Mobile malware causes vulnerabilities and bugs in the infrastructure and design of the application, so our app is written in such a way that it detects and eliminates security vulnerabilities in the code and is immune against reverse engineering. Another provision we have is to block the app access on rooted or jailbroken devices. These types of devices may break the underlying security model of the device so app will check on its own integrity, and can deactivate when suspicious behavior is found.

ISO 27001:2013, ISO 27017:2015 and GDPR

ISO/IEC 27001:2013 specifies the requirements for establishing, implementing, maintaining, and continually improving an information security management system within the organization's context.

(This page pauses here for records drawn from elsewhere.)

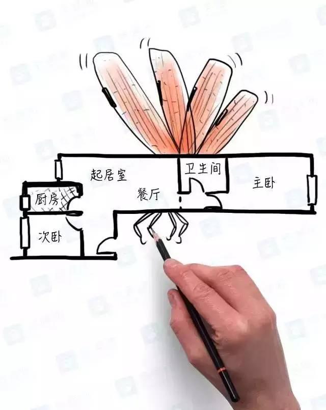 3、客廳有采光,但是房間旁的過道又長又窄,臥室在最盡頭,光線完全照不過去,衛(wèi)生間沒有窗戶,又和廚房一起堵在過道處,味道一定不好聞。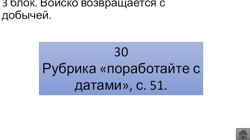 3 блок. Войско возвращается с добычей. 30Рубрика «поработайте с датами», с. 51.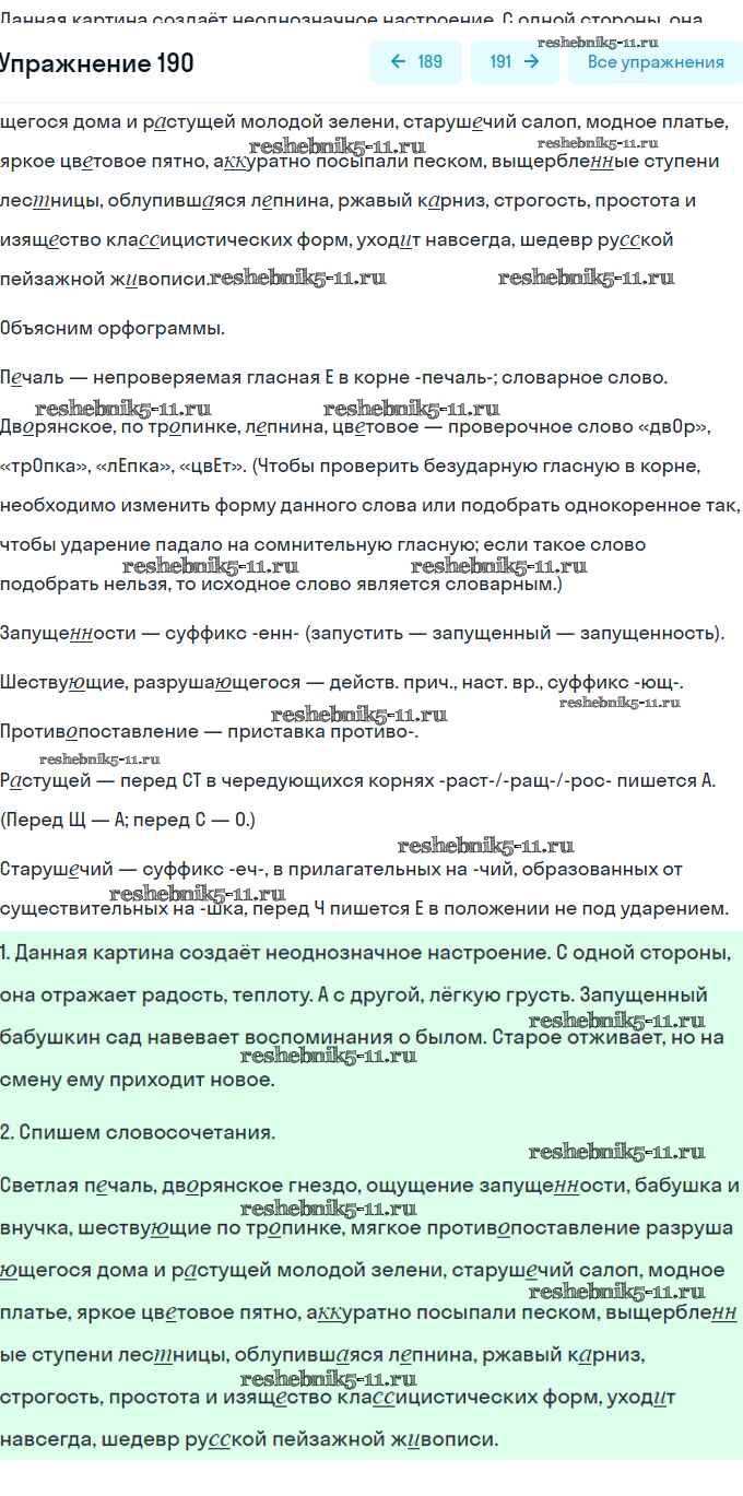 Готовая домашняя работа с ответами по Русскому языку за 8 класс Рыбченкова, Александрова, Загоровская, Нарушевич Учебник УМК Просвещение 2015 ФГОС - Упражнения 190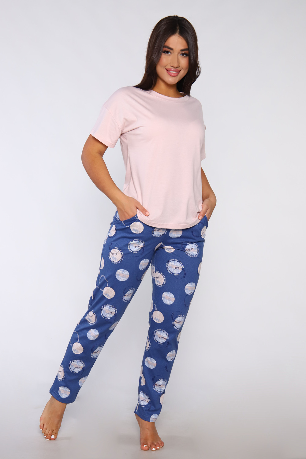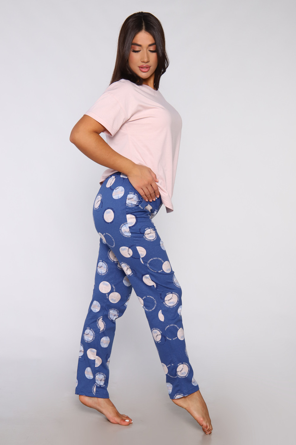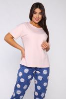 Костюм женский с брюками. Данная модель выполнена из трикотажного полотна кулирка (хлопок 100%). Футболка в стиле оверсайз с коротким рукавом. Брюки свободного покроя с боковыми карманами и вшивным поясом с тройной отстрочкой. Отличная модель для домашнего отдыха.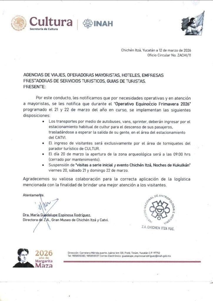 En otra circular, también se notificó a las empresas del sector y trabajadores independientes de cambios parciales en el flujo de paseantes durante el “Operativo Equinoccio Primavera 2026” los días 21 y 22 de marzo.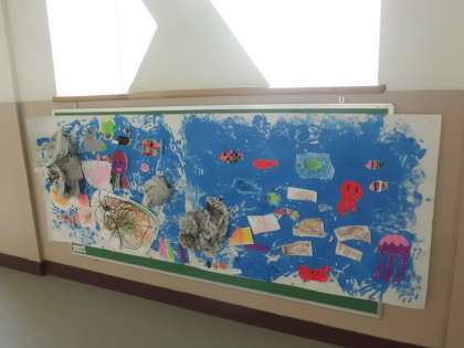 『海』がよつば学級の掲示板にできあがっています。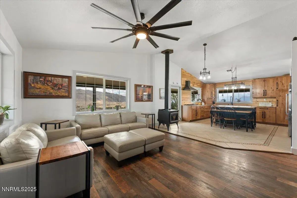 Every detail reflects pride of ownership, with thoughtful updates throughout the home in recent years. Outside, you’ll find both an attached 2-car garage and a detached 2-car garage, perfect for vehicles, tools, or hobbies. RV parking with partial hookups makes welcoming guests or planning adventures simple. Imagine evenings on the covered porch, watching Nevada’s famous sunsets paint the sky, or catching glimpses of wildlife crossing your land.
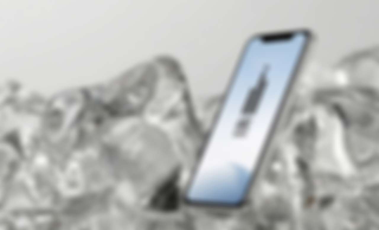 Дизайн обыгрывает тему льда и прозрачности.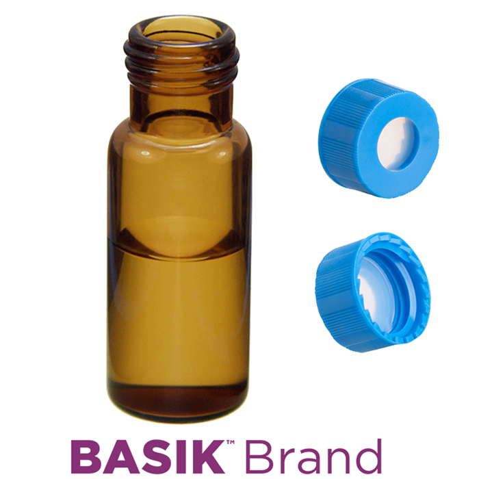 Vial & Cap Kit Includes 100 EA 2ml, Screw Top, Amber Autosampler Vials and 100 EA matching Screw Caps with Silicone Rubber / PTFE, ultra-pure Septa, fitted in the Light Blue Caps. BASIK Brand Easy Purchase Pack. 1/PK.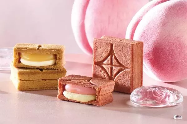 「バターサンド〈桃〉」は、濃厚な桃ガナッシュと、果⾁感のある桃ジャムを練り込んだコク深い桃バタークリームを、サクサク⾷感のクッキー⽣地で2層にサンド。かじった瞬間に桃がふわりと⾹り、桃そのものを⾷べているような凝縮した味わいが⼝いっぱいに広がる1品だ。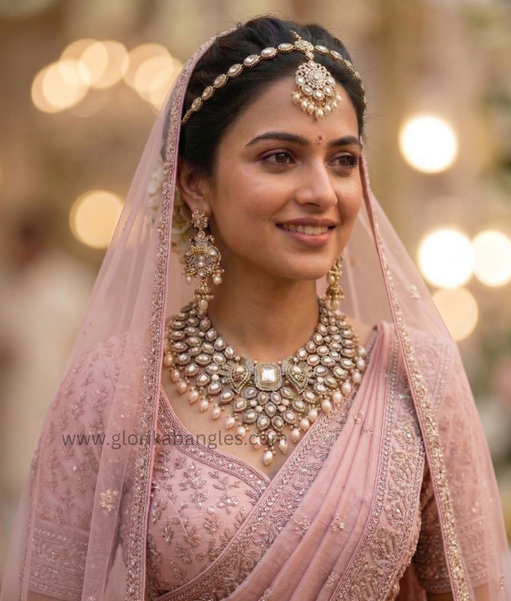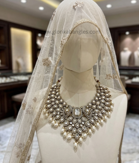 This collection is a tribute to royal Indian craftsmanship, featuring high-grade Kundan stones (glass stone foiling) and Polki-inspired cuts. Every piece is meticulously gold-plated and finished with a "vibrant antique" luster to complement heavy bridal lehengas and silked finish.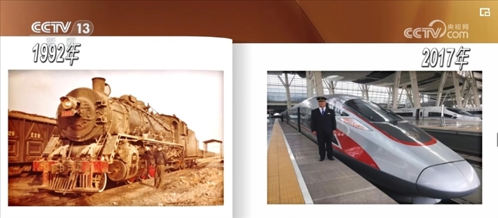 這張稍顯模糊的老照片是1992年,韓軍甲剛參加工作時(shí)拍下的。他身邊的蒸汽機(jī)車(chē)當(dāng)時(shí)的運(yùn)行時(shí)速一般只能開(kāi)到50公里左右,這個(gè)風(fēng)華正茂的年輕人從未設(shè)想過(guò),20多年后的2017年,他能駕駛時(shí)速350公里的復(fù)興號(hào)列車(chē)。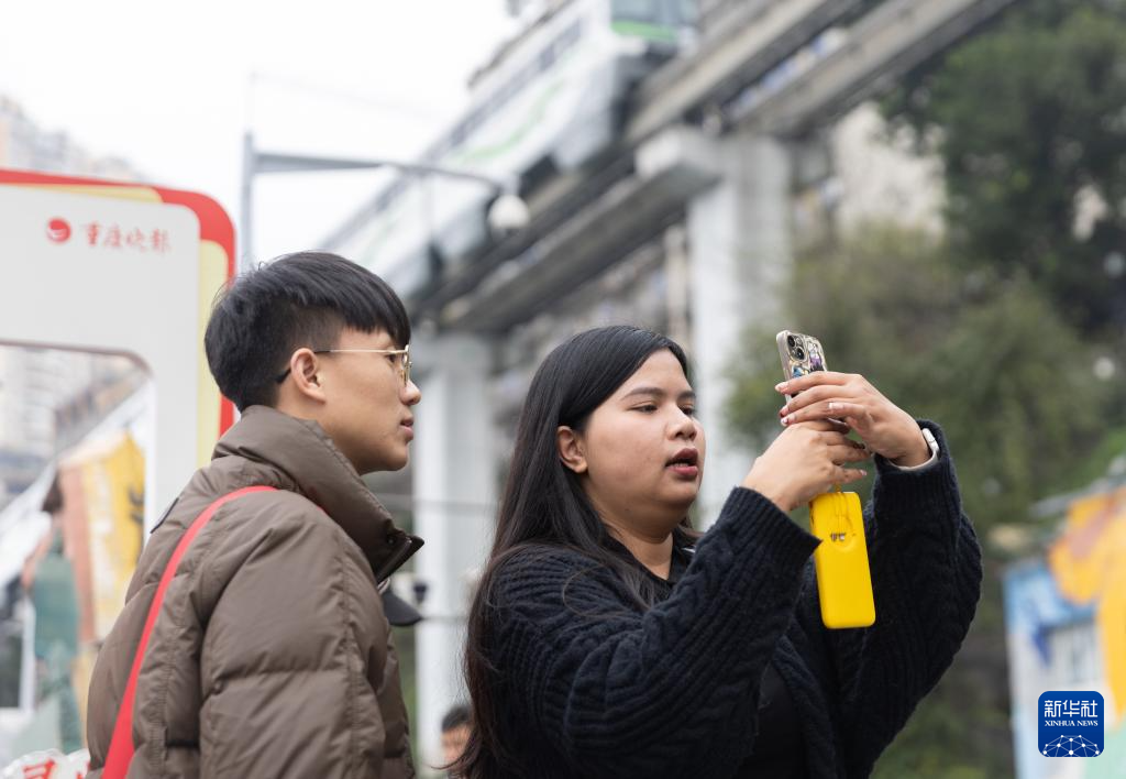 2月20日,在重庆市渝中区李子坝观景平台,泰国博主李佩英(右)和摄影师曾豪杰在直播。

It also includes requirements for assessing and treating information security risks tailored to the organization's needs.

ISO/IEC 27017:2015 is an information security code of practice for cloud services. It’s an extension to ISO/IEC 27002:2013 and it provides additional security controls for cloud service providers and for cloud service customers. It ensures that Hubble Connected has implemented information security processes and procedures to ensure information stored in the cloud is safe and secure.

The General Data Protection Regulation (GDPR) is a European Union regulation on data protection and privacy in the EU and the European Economic Area (EEA).  The GDPR is one of the most wide-ranging pieces of legislation passed by the EU It was introduced to standardize data protection law across the single market and give people in a growing digital economy greater control over how their personal information is used.

Hubble establishes, implements, maintains, and continually improves an information security management system (ISMS) within the organization. The customers' data on the Hubble platform, we ensure stringent data security methods for data collection and identification, classification, permissions, and encryption.